Segment Start: Recorded data

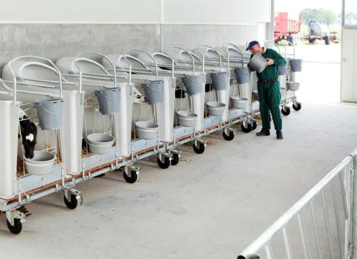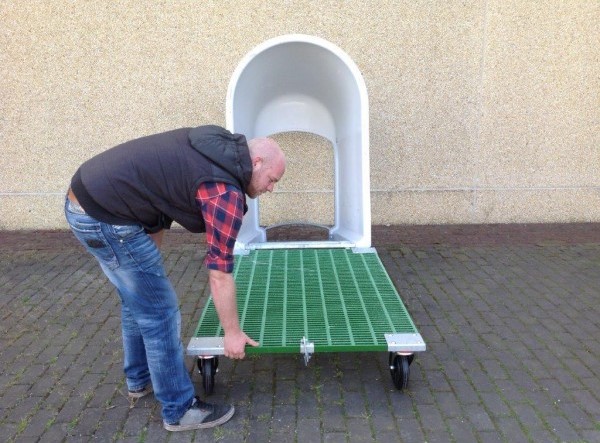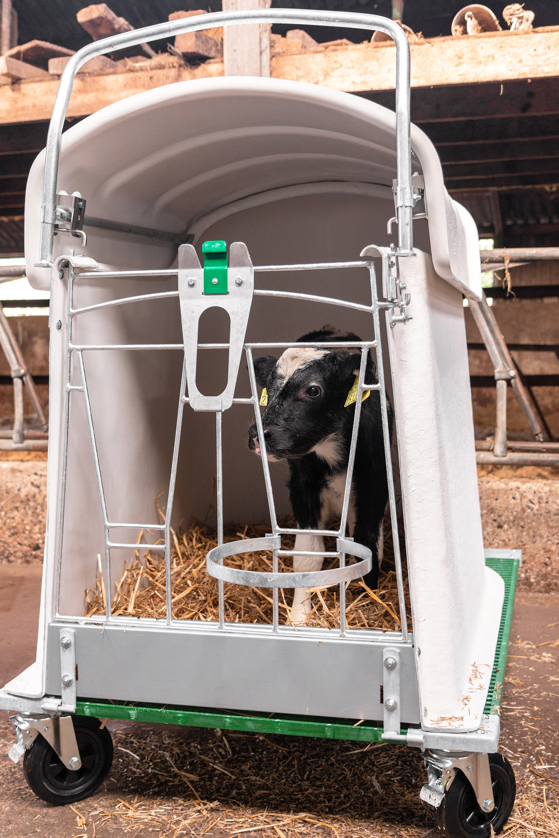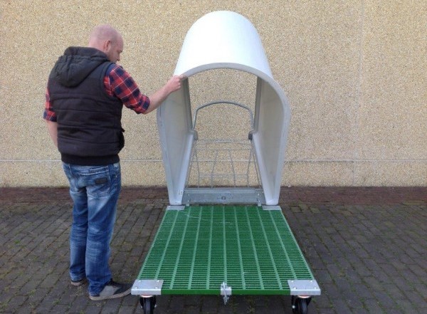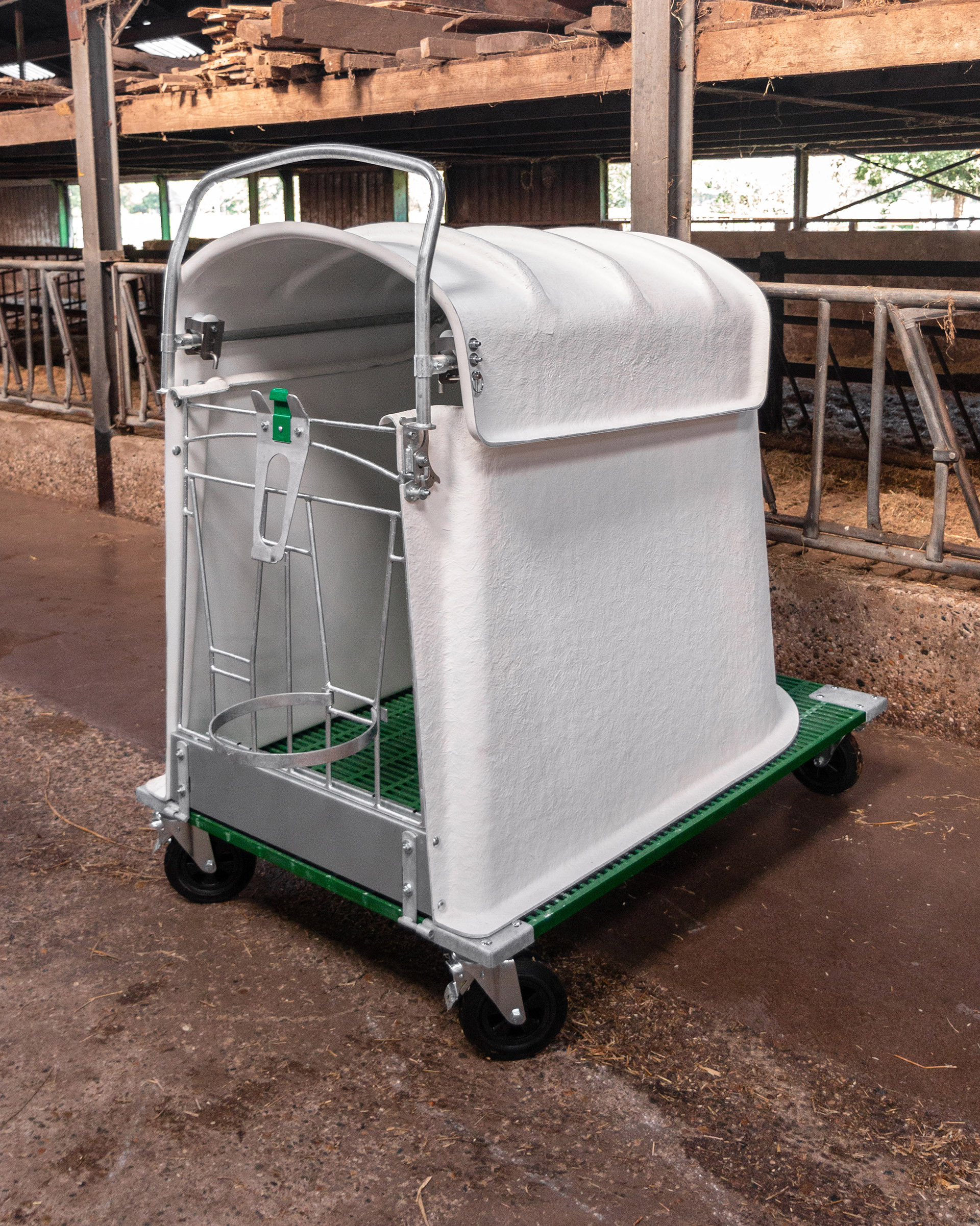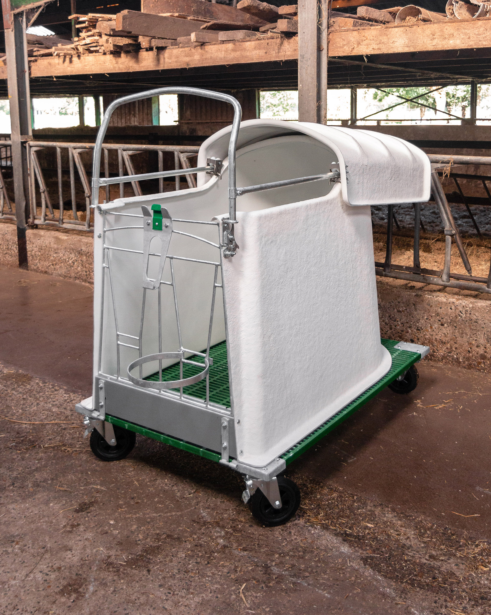 Dvojni odprt iglu na kolesih - vključuje dva igluja s pragom, sprednjo ograjo in nosilcem za vedro na rešetki.
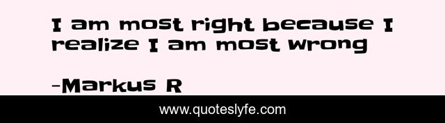 This page presents the quote "I am most right because I realize I am most wrong". Author of this quote is Markus R. This quote is about right, curiousity, perspective,.
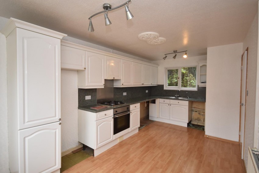 Fitted with white base and wall mounted cupboards, roll edge work surface space, plumbing for washing machine, inset stainless steel sink unit, space for tall standing fridge/freezer, built in single oven, inset gas hob with extractor fan over, laminate flooring, windows to front and rear elevations.
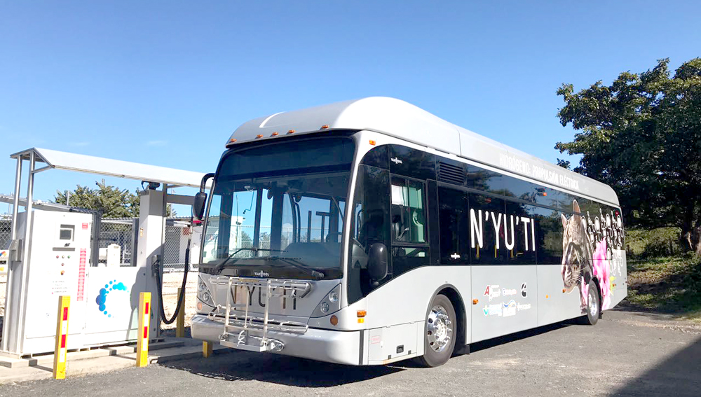 El autobús Nyuti, que es tecnología del 2010, posee una autonomía estimada de 400 km, pues es capaz de almacenar 40 kilogramos de hidrógeno en sus tanques. Para efectos de comparación con otras tecnologías eléctricas, estos 40 kilogramos de hidrógeno equivalen a un banco de baterías de 800 kWh, pero con menos de la mitad del peso que usando baterías de litio.

Segment End: Recorded data

* Required action:
Transcribe the material exactly, keeping every word and none of the pictures.

* Result of this task:
 Dvojni odprt iglu na kolesih - vključuje dva igluja s pragom, sprednjo ograjo in nosilcem za vedro na rešetki.
 This page presents the quote "I am most right because I realize I am most wrong". Author of this quote is Markus R. This quote is about right, curiousity, perspective,.
 Fitted with white base and wall mounted cupboards, roll edge work surface space, plumbing for washing machine, inset stainless steel sink unit, space for tall standing fridge/freezer, built in single oven, inset gas hob with extractor fan over, laminate flooring, windows to front and rear elevations.
 El autobús Nyuti, que es tecnología del 2010, posee una autonomía estimada de 400 km, pues es capaz de almacenar 40 kilogramos de hidrógeno en sus tanques. Para efectos de comparación con otras tecnologías eléctricas, estos 40 kilogramos de hidrógeno equivalen a un banco de baterías de 800 kWh, pero con menos de la mitad del peso que usando baterías de litio.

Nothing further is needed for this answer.